The answer is that, yes, it is. There are multiple reasons for this. Below we will analyze a few of the reasons.
The general expectation in most Western cultures is that during the holiday season one is supposed to be celebrating and feel happy. But those people who don't feel happy no matter what the reason is tend to experience their sadness more deeply when it seems that everybody else around them appears to be in a festive mood. One of the most common symptoms of depression is the inability to experience pleasure with previously pleasurable activities, a symptom that is called “anhedonia”. For instance, a young man is not able to enjoy playing soccer, spending time with his girlfriend or his friends while he is experiencing an episode of clinical depression. Many people realize the extent of anhedonia that they are experiencing when they find themselves unable to enjoy the festivities of the holiday season. They feel obliged to put a smile on their face when everyone around them seems to be enjoying themselves.
Tips for coping: Don't force your self to be happy during the holiday season. Talk about your problems with your loved ones and try to set realistic goals for solving your problems. Don't judge how other people feel just from the face they show you during the festivities, they most certainly have problems of their own. If you are experiencing a persistently depressed mood for most part of the day almost every day or if you cannot enjoy activities that you normally like for several weeks at a time, then seek help from a mental health professional.

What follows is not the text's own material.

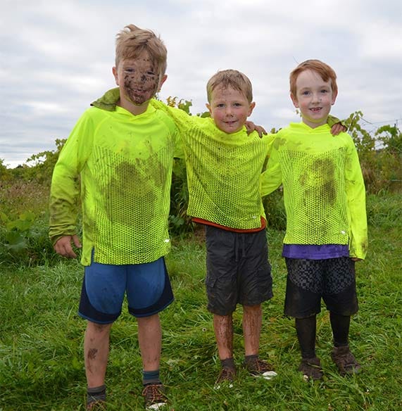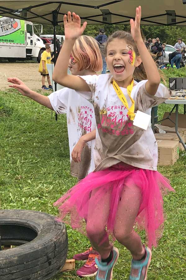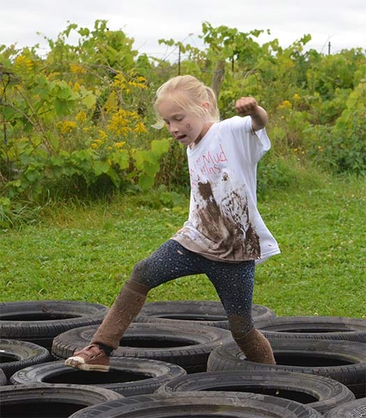 Kaitlyn Countryman slides towards the finish line after completing the “mini mudster” obstacle course on Sept. 14 at the Mudmoiselle event organized by the Canadian Cancer Society.Noah Gilchrist, 6, his brother Easton, 5, and their cousin Benjamin Braconnier, 6, had fun completing the mini mudster obstacle course at the Mudmoiselle event on Sept. 14.Lily Ehgoetz and her teammates from Stratford celebrate at the finish line.A mini mudster tackles the tire obstacle on her second time around.

During the holidays most people take time off from work or their studies. As a result they have more time to spend with themselves to reflect on their situation. This is especially the case since the end of the year is for many people a time for evaluation of the year that has passed and for setting goals for the new upcoming year. This sometimes leads to the realization of the fact that things are not where we would like them to be leading to the feelings of disappointment and sadness.
Tips for coping: Reflection is better in small and frequent dosages rather than in large dosages once a year. Take some time off from your busy routine to think about the course of your life frequently. This allows you to adapt before you deviate too much from your goals. Reflection is healthy when it is accurate, balanced and when it leads to adaptive change. Be grateful for the things that you have achieved. Do not just focus on what you don't have. If you are not satisfied with your situation, come up with ways to change your situation. But, beware, only set specific, tangible and realistic goals! Setting unrealistic or abstract goals is common and leads to disappointment. Discuss with your support network (family members and/or friends) what's on your mind and accept help if you need it.

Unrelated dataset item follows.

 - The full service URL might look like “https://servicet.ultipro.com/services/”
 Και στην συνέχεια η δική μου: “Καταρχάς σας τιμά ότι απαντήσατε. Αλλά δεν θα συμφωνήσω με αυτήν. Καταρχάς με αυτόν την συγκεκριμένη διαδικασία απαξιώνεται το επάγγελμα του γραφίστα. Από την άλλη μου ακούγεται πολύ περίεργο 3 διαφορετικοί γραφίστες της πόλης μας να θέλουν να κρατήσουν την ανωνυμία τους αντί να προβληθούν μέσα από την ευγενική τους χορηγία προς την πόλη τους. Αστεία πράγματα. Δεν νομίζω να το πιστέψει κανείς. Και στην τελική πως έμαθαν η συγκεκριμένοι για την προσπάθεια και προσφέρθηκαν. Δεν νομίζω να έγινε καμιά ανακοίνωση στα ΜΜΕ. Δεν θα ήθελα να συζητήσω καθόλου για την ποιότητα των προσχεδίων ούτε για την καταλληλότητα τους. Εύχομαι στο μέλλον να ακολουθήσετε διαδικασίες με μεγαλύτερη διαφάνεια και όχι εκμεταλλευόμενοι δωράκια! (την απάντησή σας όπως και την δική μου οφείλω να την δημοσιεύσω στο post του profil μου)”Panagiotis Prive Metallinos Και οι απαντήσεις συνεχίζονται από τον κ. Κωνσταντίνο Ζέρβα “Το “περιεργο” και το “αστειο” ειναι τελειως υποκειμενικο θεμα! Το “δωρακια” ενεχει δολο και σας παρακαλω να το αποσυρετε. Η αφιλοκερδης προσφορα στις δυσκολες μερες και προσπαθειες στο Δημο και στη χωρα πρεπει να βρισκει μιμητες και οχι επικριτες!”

There is a strong cultural expectation according to which one should spend the holidays with their family. When this is not possible, often times people feel really sad. Tips for coping: There is no reason why you cannot spend quality time with your family members or loved ones outside of the holiday season if for some reason you cannot meet with them this year. Make time at another time and enjoy their company then. Make alternative plans with other friends or family for this upcoming holiday season. The fact that you cannot spend the holidays with your family this year, does not mean that you have to be alone.

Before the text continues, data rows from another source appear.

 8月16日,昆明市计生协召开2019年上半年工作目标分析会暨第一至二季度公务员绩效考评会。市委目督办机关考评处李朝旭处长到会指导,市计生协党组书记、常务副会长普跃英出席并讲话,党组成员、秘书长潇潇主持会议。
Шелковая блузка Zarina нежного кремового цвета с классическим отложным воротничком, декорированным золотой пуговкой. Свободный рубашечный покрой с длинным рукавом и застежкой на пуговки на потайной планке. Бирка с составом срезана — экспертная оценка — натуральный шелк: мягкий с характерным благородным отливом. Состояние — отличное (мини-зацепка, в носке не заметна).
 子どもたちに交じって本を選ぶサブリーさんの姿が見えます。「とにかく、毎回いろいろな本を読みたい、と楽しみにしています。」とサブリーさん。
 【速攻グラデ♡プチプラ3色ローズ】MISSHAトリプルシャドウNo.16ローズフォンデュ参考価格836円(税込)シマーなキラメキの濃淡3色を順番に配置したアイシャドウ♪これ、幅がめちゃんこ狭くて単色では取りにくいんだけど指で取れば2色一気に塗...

Also, many people feel the absence of their family members or their loved ones who have passed away more intensely during the holiday season. This can sometimes lead to reexperiencing a grief reaction during the holiday season. Tips for coping: Your loved ones who have passed away will always have a very special place in your heart. At the same time, they most certainly would like for you to be happy and enjoy the holidays. Share your feelings about how much you miss your loved ones who have passed away with your family and friends, honor them with a prayer, a dedication or say a few words in their memory to your loved ones who are surrounding you now.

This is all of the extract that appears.